Reviewers generally considered the missions an improvement over Grand Theft Auto III, although some noted occasional awkwardness and frustration. IGNs Perry wrote that the game's missions give the player "a stronger feeling of being inside a story within a world that truly exists". Game Informers Matt Helgeson found the missions to be more complex, and AllGames Scott Alan Marriott felt that the storyline was improved as a result. Marriott also found the lead character of Tommy to be more engaging than Grand Theft Auto IIIs Claude; IGNs Perry felt that Rockstar "found the right person and the right choice", and Edge wrote that Tommy "sweats charisma", commending Ray Liotta's performance.

The game's open world design was praised by reviewers, many of whom felt that it contained more detail and felt more alive than its predecessors. GameSpys Padilla made favourable comparisons between Vice City and Grand Theft Auto IIIs Liberty City, noting the former's level of detail. Game Revolutions Ben Silverman wrote that the game's depth is "unparalleled", praising the world's realism and detail, while AllGames Marriott commended the "ambitious scope in design".

Marriott of AllGame named Vice City an "unforgettable listening experience", and Perry of IGN declared the music as "the most impressive list of songs in a game". Many reviewers commended the game's radio stations and talk radio, and felt that the game's collection of licensed 1980s music fit the tone and time period of the world. The voice acting also received praise; GameSpots Jeff Gerstmann named the cast of characters "colorful and memorable", and IGNs Perry found the voice acting "among one of the best of its kind". Game Revolutions Silverman felt that the acting "gives the story credence".

Many reviewers found that the game offers a better variety of vehicles than Grand Theft Auto III, and found them easier to control; GameSpots Gerstmann named the driving "more exciting and dangerous", and IGNs Perry found the motorcycle's controls pleasing. In addition to the vehicle handling, reviewers noted improvements in the targeting and shooting mechanics, although still recognised issues. Helgeson of Game Informer wrote that "targeting is improved to the point where combat can actually be fun".

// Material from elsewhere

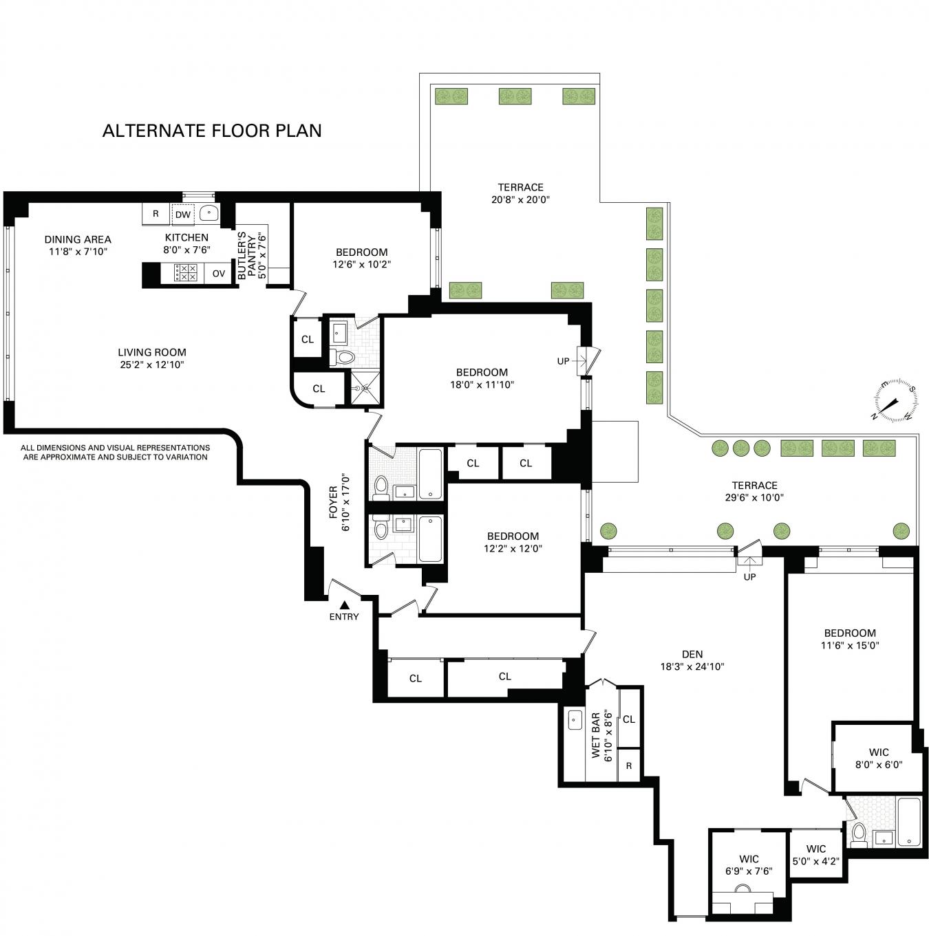 A Trophy Duplex Above Central Park Perched high above Central Park in the prestigious 980 Fifth Avenue cooperative, this rare 10-room duplex showcases sweeping views of the Manhattan skyline, the Metropolitan Museum of Art, and the Parks endless greenery. Twelve oversized south- and west-facing windows flood the residence with light throughout the day and frame some of the citys most iconic vistas. The apartment offers four spacious bedrooms plus a staff room, an elegant bar, and a windowed eat-in kitchen. A striking spiral staircase links the two levels, providing both architectural drama and a gracious flow. With grand entertaining rooms balanced by private quarters, the residence is both impressive in scale and inviting in design, ready for its next owner to personalize and bring to life. Available for the first time in several decades. 980 Fifth Avenue is one of Manhattans most distinguished cooperatives, designed by Paul Resnick and H.F. Green and home to just forty-five residences. A circular driveway with porte-cochere leads to an on-site garage with discounted rates for shareholders. Amenities include a rooftop observation deck with panoramic views, individual storage units, and impeccable staffing with a full-time doorman, concierge, and live-in resident manager. Pied-à-terre ownership is welcome, financing up to 50% is now permitted, and there is a 2.5% flip tax.

Some reviewers recognised an improved draw distance over Grand Theft Auto III, although many identified frame rate drops during hardware-intense sequences. The changes in character models polarised reviews; while GameSpys Padilla and IGNs Perry noted the improvement in character models, Eurogamers Tom Bramwell considered it "maddening to see that character ... models haven't been smartened up at all". The game's artificial intelligence and long load times were frequently criticised in reviews, and many reviewers noted the awkward camera angles and environment during gameplay.

Windows version 

When Vice City was released to Windows in May 2003, it received similar critical acclaim. Metacritic calculated an average score of 94 out of 100, indicating "universal acclaim", based on 30 reviews. It was the highest-rated Windows game on Metacritic in 2003. Reviewers liked the visual enhancements, and were generally positive towards the control improvements.

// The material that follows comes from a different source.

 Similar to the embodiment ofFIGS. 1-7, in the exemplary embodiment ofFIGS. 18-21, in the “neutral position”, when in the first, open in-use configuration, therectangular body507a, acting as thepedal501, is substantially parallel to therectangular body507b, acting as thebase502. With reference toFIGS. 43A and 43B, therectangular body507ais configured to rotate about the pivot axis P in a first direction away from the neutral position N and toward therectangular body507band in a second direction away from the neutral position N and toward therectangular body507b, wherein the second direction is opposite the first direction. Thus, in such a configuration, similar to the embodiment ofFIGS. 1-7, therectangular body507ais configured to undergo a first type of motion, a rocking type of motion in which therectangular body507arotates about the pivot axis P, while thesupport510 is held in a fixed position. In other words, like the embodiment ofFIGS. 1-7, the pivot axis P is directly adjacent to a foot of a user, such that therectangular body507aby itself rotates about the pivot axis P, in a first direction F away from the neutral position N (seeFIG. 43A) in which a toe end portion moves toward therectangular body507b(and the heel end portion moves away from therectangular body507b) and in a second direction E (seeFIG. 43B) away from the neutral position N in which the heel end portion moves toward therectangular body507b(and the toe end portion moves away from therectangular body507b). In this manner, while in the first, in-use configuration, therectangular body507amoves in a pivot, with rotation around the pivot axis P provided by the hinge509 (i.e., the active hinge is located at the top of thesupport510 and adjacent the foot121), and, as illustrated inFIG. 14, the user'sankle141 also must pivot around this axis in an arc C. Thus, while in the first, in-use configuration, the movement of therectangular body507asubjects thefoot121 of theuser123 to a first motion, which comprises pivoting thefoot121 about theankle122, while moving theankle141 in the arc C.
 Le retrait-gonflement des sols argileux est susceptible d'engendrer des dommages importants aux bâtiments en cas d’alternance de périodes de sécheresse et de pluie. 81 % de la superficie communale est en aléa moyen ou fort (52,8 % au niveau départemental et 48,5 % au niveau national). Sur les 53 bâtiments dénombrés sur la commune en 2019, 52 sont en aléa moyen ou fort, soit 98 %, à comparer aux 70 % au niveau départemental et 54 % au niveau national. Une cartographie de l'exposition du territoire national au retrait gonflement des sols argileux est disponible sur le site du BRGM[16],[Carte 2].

The port's visuals received a positive response from reviewers. AllGames Mark Hoogland praised the improved car details, environment textures, and weather effects; GameSpots Greg Kasavin echoed similar remarks, noting occasional frame rate drops. GameSpys Sal Accardo commended the draw distance improvements, identifying very few texture issues. IGNs Steve Butts found the port's system requirements to be reasonable, unlike Grand Theft Auto III, and praised the faster load times. Eurogamers Martin Taylor was critical of the visuals, stating that the higher resolutions "aren't kind to the overall visual quality", and criticising the hardware requirements.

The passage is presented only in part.